I'm busy with a homework assignment (differentiating), and I don't understand it because the book has no explanation given. In the book it says:
"Show that when your calculator is on the setting RAD(radians) and $\Delta x = 0.001$, that the angle of the slope of $O(0,0)$ to $y=\sin x$ is about 45°"
I don't know how to put my calculator on the RAD setting.
What I tried was $\tan^{-1}(\frac{\sin 0.001}{0.001})$, because $\frac{\Delta y}{\Delta x}$ is how u calculate the slope, and I thought that when u get the inverse tangent of the slope you get the angle.
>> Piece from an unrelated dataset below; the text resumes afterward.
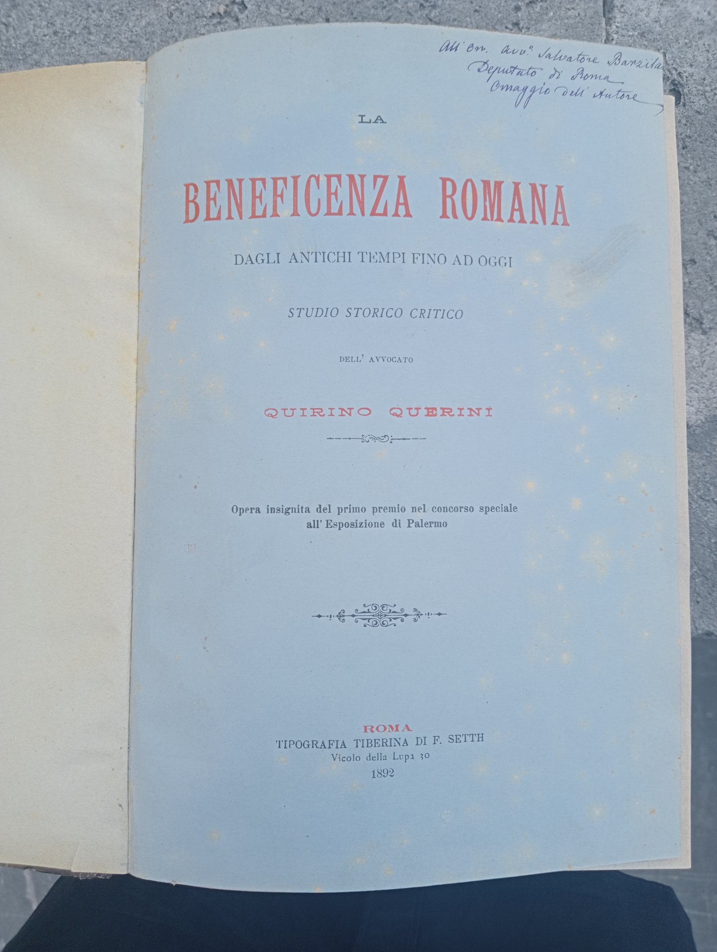 La beneficienza a Roma dagli antichi fino ad oggi. Studio storico critico
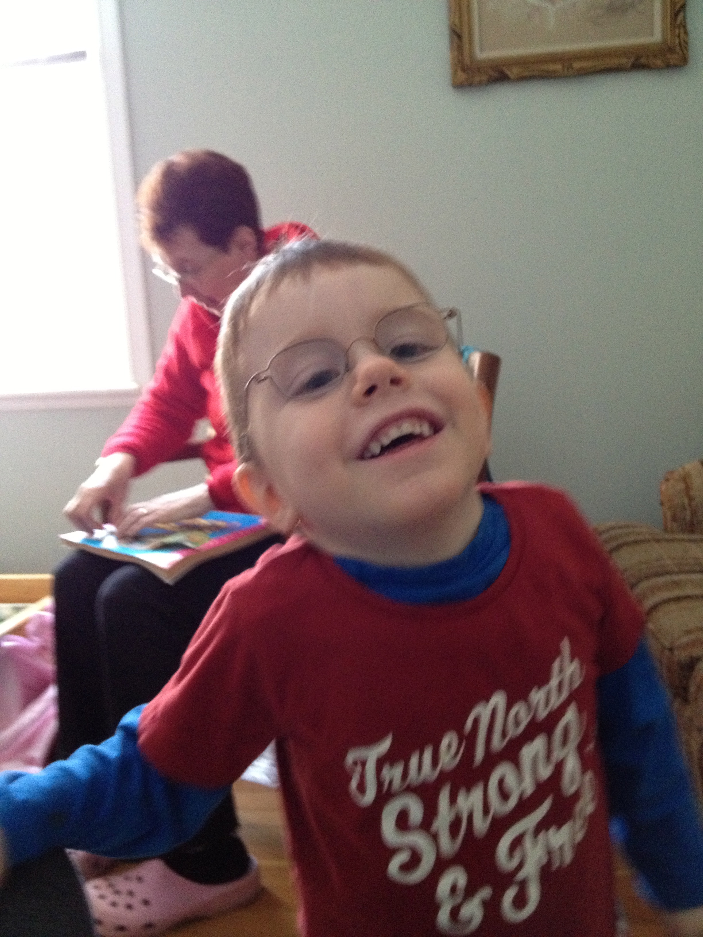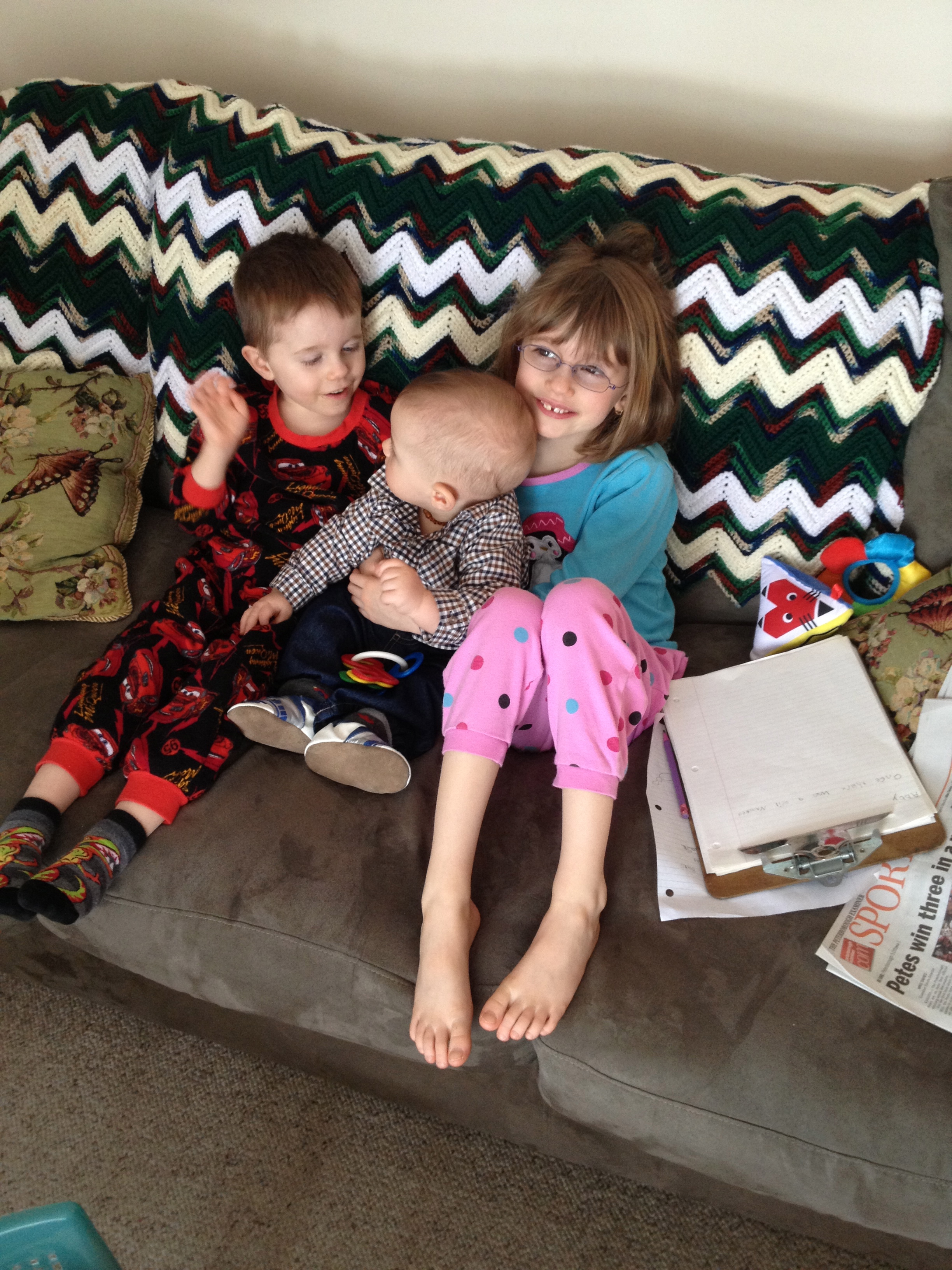 On Family Day Weekend, I went to Mom & Dad’s for the weekend. It was a very relaxing weekend. On Saturday morning, Julie came over with Macklan and visited for a little while. The kids helped to feed Macklan some breakfast and then snuggled with him on the couch, which made for some cute pictures.

I don't get 45° as my answer when I tick it into my calculator.
What am I doing wrong?
Please don't use symbols in your answers, I hardly know any.
Can someone edit my question into LaTeX?
Edit:
How come the arctan of 1 on my calculator doesn't return 45 but 0.7853...
Edit 2:
When I put it back on degrees mode and I take the arctan of 1 it returns 45. My question is solved, but can someone explain why the arctan is different in radians mode?
More importantly can someone explain why I need to put it on radians mode?
Answer
If you compute $\frac{\sin 0.001}{0.001}$ on your calculator, you should get $\approx 1$. $\arctan$ of that is $45$ degrees or $\frac{\pi}{4}$ in radians.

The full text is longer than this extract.